Could you kindly upload your notebook, so that I can search. The error doesn’t seem to come from these.

Basics.ipynb (109.4 KB)

Click here to view the jupyter notebook file in a new tab

1 Like

This is where the problem was. Change your english() to the below.

I will try to explain why it gave the wrong result.

def english(string):
    non_ascii = 0
    
    for character in string:
        if ord(character) > 127:
            non_ascii += 1
    
    if non_ascii > 3:
        return False
    else:
        return True
1 Like

I ran these two using pandas DataFrame and both worked. They gave the correct results. I do not know why your code did not work for this instance.

def english(string):
    non_english = []
    for character in string:
        if ord(character) > 127:
            non_english.append(character)
        
    if len(non_english) > 3:
        return 'False'
    else:
        return 'True'

import pandas as pd
ios_a = pd.DataFrame(ios, columns=ios_header)
ios_a.head(2)

ios_a['confirm'] = ios_a['track_name'].apply(english)
ios_a['confirm'].value_counts()
def english(string):
    non_ascii = 0
    
    for character in string:
        if ord(character) > 127:
            non_ascii += 1
    
    if non_ascii > 3:
        return False
    else:
        return True
    
import pandas as pd
ios_a = pd.DataFrame(ios, columns=ios_header)
ios_a.head(2)
    
ios_a['confirm'] = ios_a['track_name'].apply(english)
ios_a['confirm'].value_counts()

Hello Everyone,
I wrote the code as below. And it is working fine & working fine for emojis, other characters. It seems same can be used. Please advice if it is not sufficient.

English Apps##

def is_english(string):
for character in string:
if ord(character) > 127:
return False
else:
return True

print(is_english(‘Instagram’))
print(is_english(‘爱奇艺PPS -《欢乐颂2》电视剧热播’))
print(is_english(‘Docs To Go™ Free Office Suite’))
print(is_english(‘Instachat :stuck_out_tongue_winking_eye:’))

@s.cook20
The problem might in the body of your function, what if instead of having non_english as an empty list then set it to zero i.e nono_english = 0 .
So any time there is a non_english letter, you have an increment by one to non_english which we have initially set to zero.This helps to count out number of non-english words.
have a look

def english(string): 
    non_english = 0
    for character in string:
        if ord(character) > 127:
            non_english += 0 

With the code above, you can then bring in the argument i.e, if there are more than three characters which fall out in the ASCII then the whole character become non-english(return True) otherwise return False.
Have a look

if non_english >3:
    return False

return True

With this, you can call your function with any character as the argument and shall turn out correctly.
for example

print(english('爱奇艺PPS -《欢乐颂2》电视剧热播'))

False

@deodattatijare
But with this

def is_english(string):
    for character in string:
       if ord(character) > 127:
           return False
      
         
 return True

print(is_english('Instagram’))
print(is_english(‘爱奇艺PPS -《欢乐颂2》电视剧热播’))
print(is_english(‘Docs To Go™ Free Office Suite’))
print(is_english(‘Instachat :stuck_out_tongue_winking_eye:’))

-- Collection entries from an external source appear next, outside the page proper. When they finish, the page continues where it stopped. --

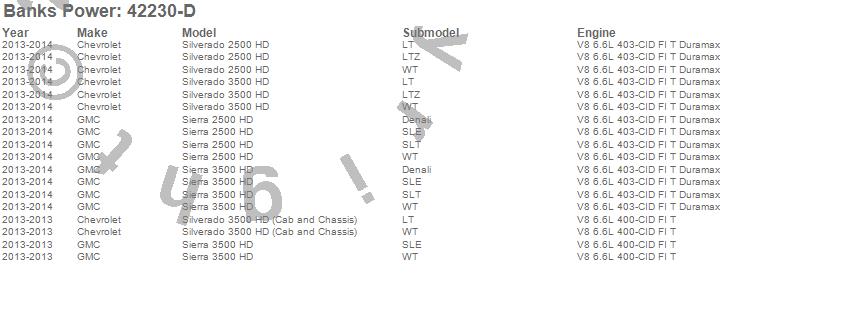 Below is an abreviated list of applications for the Banks Ram-Air Intake System.
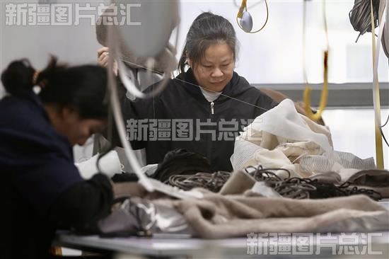 2023年11月24日,工人在生产线上加工貂皮大衣。
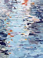 Haal de rustgevende schoonheid van water in huis met dit betoverende abstracte schilderij, "Reflections in Motion". Geïnspireerd door de steeds veranderende dans van licht op water, combineert dit kunstwerk op meesterlijke wijze koele blauwtinten, zachte grijstinten en levendige oranje en gouden accenten voor een betoverende visuele…
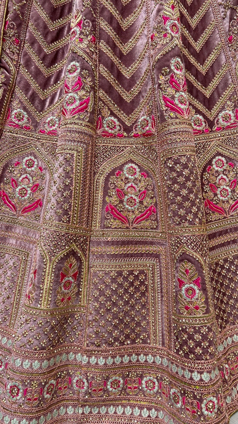 Lehenga: Customizable upto 1.6 M at the waist, Lehenga Flair: 3.5 Meter Lehenga Belt: 68.5 cm . Lehenga length: 1.6 M at the length Choli: Customizable upto 1.6 cm at the Bust
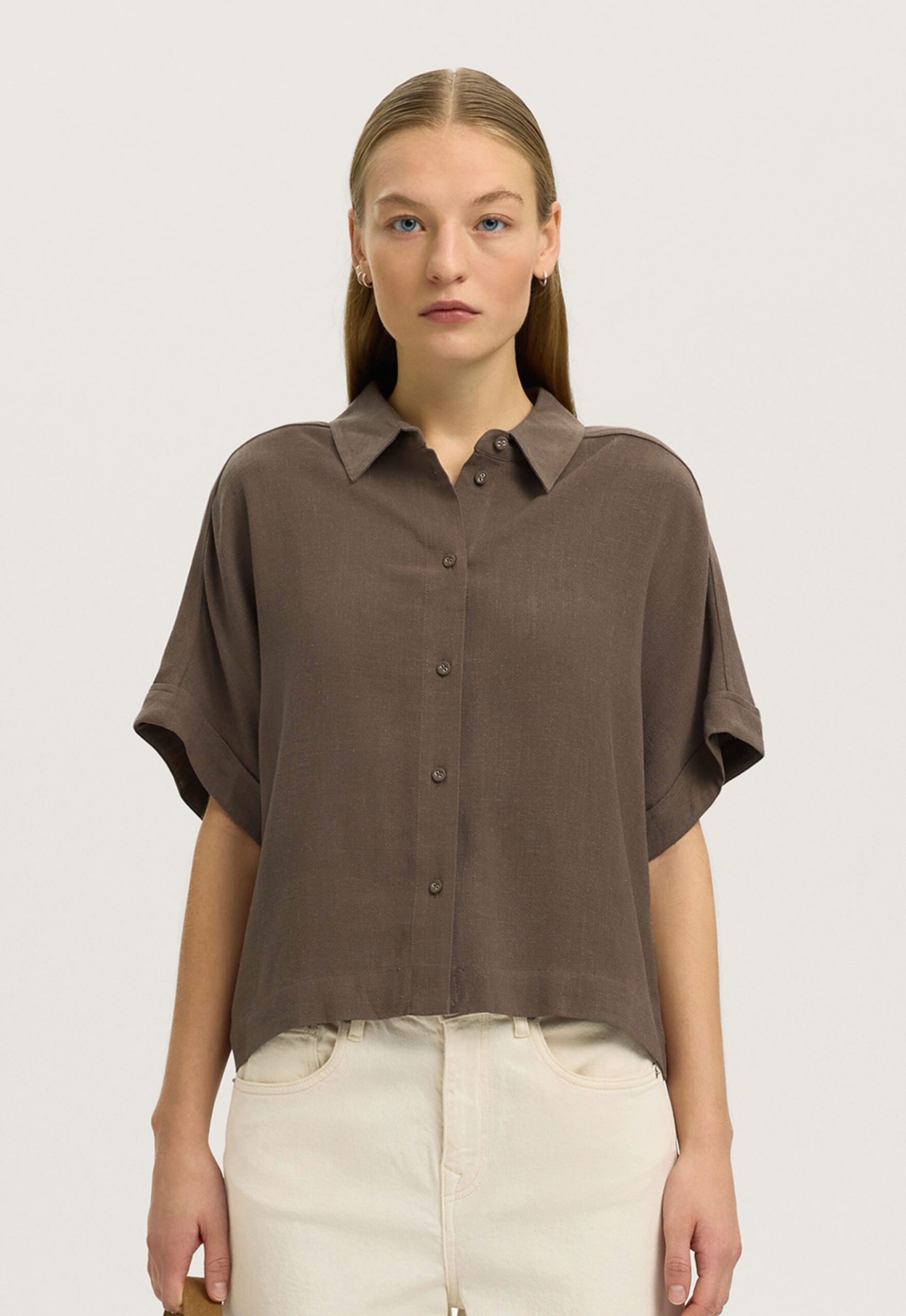 Dit is de 16093937 Viva Cropped Blouse van het merk Selected Femme. Deze blouse heeft een loose fit pasvorm en is gemaakt van een luchtige linnenmix, bestaande uit viscose lenzing ecovero (85%) en linnen (15%). Het ontwerp valt op door de stijlvolle cropped lengte, een soepele knoopsluiting en korte mouwen die zorgen voor een luchtig draaggevoel. Perfect voor warmere dagen en ideaal om een moderne, casual look te creëren.
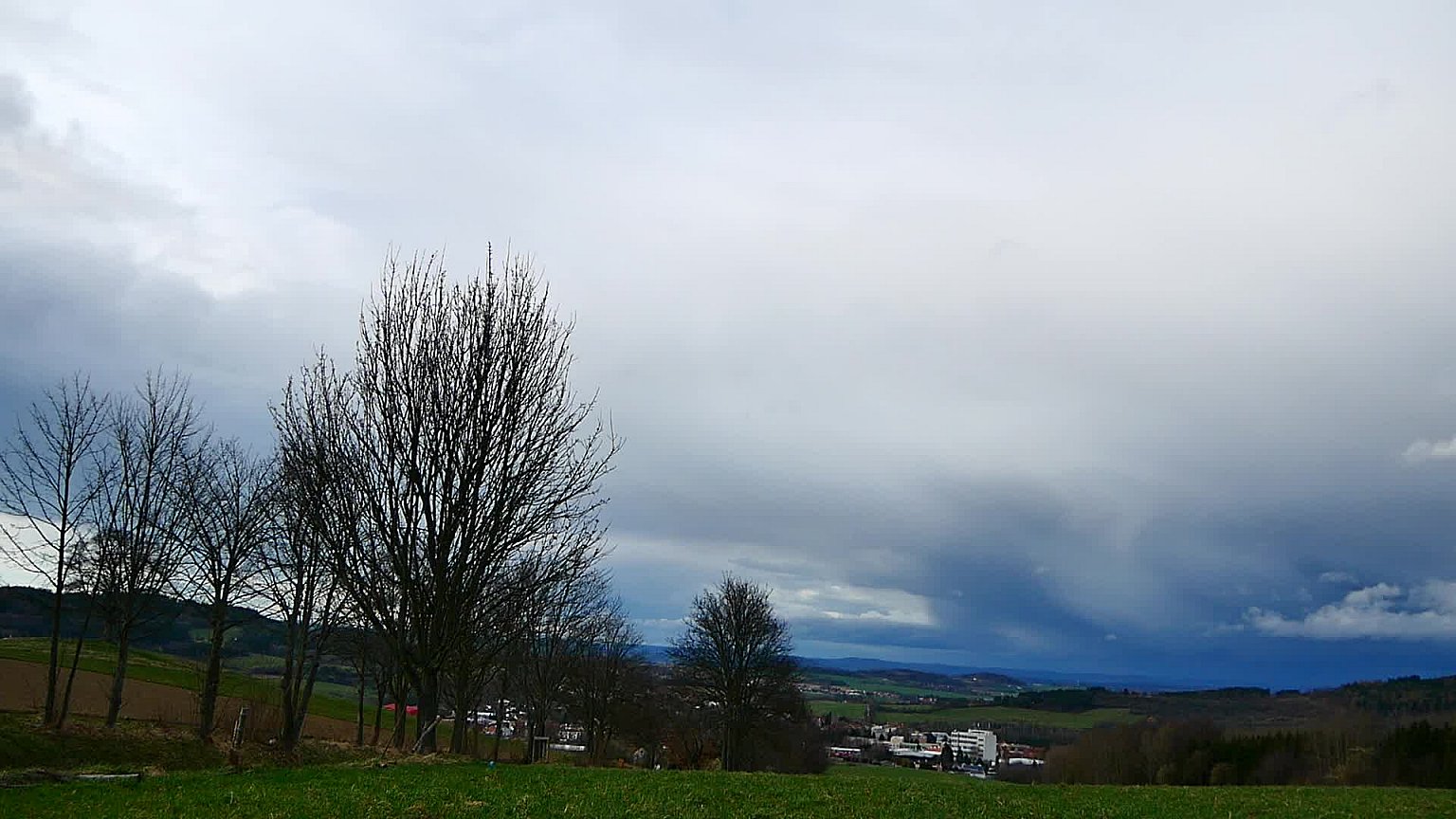 Od západu se blíží silné přeháňky. Vítr vane čerstvý s nárazy.

alone , most of the english apps will be left out. For example english app like Instachat :stuck_out_tongue_winking_eye: will be included as non-english just because of that single emoji.
This is why we should come up with an argument, where an app will be excluded as an english app iff there are more than three characters that fall out in the ASCII.This will help us not to lose most of the english apps with at most three emojis or other characters.
have a look

def english(string):
    non_ascii = 0
    for character in string:
        if ord(character) > 127:
            non_ascii += 1
        
    if non_ascii > 3:
        return False
    
        
return True
1 Like

But its working with ‘if else’. It’s different form suggested solution. Herein else is kept as a part of if condition. Attached code snip with output.
This may remove non English app part 2 i.e. screen 7 code. Plz correct me if i am not missing any issues which may face in later part of coding.

1 Like

@deodattatijare
The reason why ‘’‘instachat😄’’’ is evaluated to be True is because of the ‘if else’ .Remember in ‘if else’ once one of the condition pass, the rest are ignored. i.e if you check the first character in “instachat😄” letter ‘i’ is falling in ASCII range, and by that, the whole name will be evaulated True( the rest of the characters in “instachat :smile:” will be ignored including the emoji, which is non-ascii.)

2 Likes

I get it now. Suggested code is better as it actually scanning all letters in string and gives result.
Thanks for explaining.

2 Likes

Can someone have a look at this peice of code?
i tested it and it seems to work, but is very different in syntax compared to the solution. I am missing something, but what…

def is_english(string):
    count = 0
    for char in string:
        if ord(char) > 127 :
            count = count +1
            if count > 3 :
                return False
    
    return True

Thanks a lot for feedback.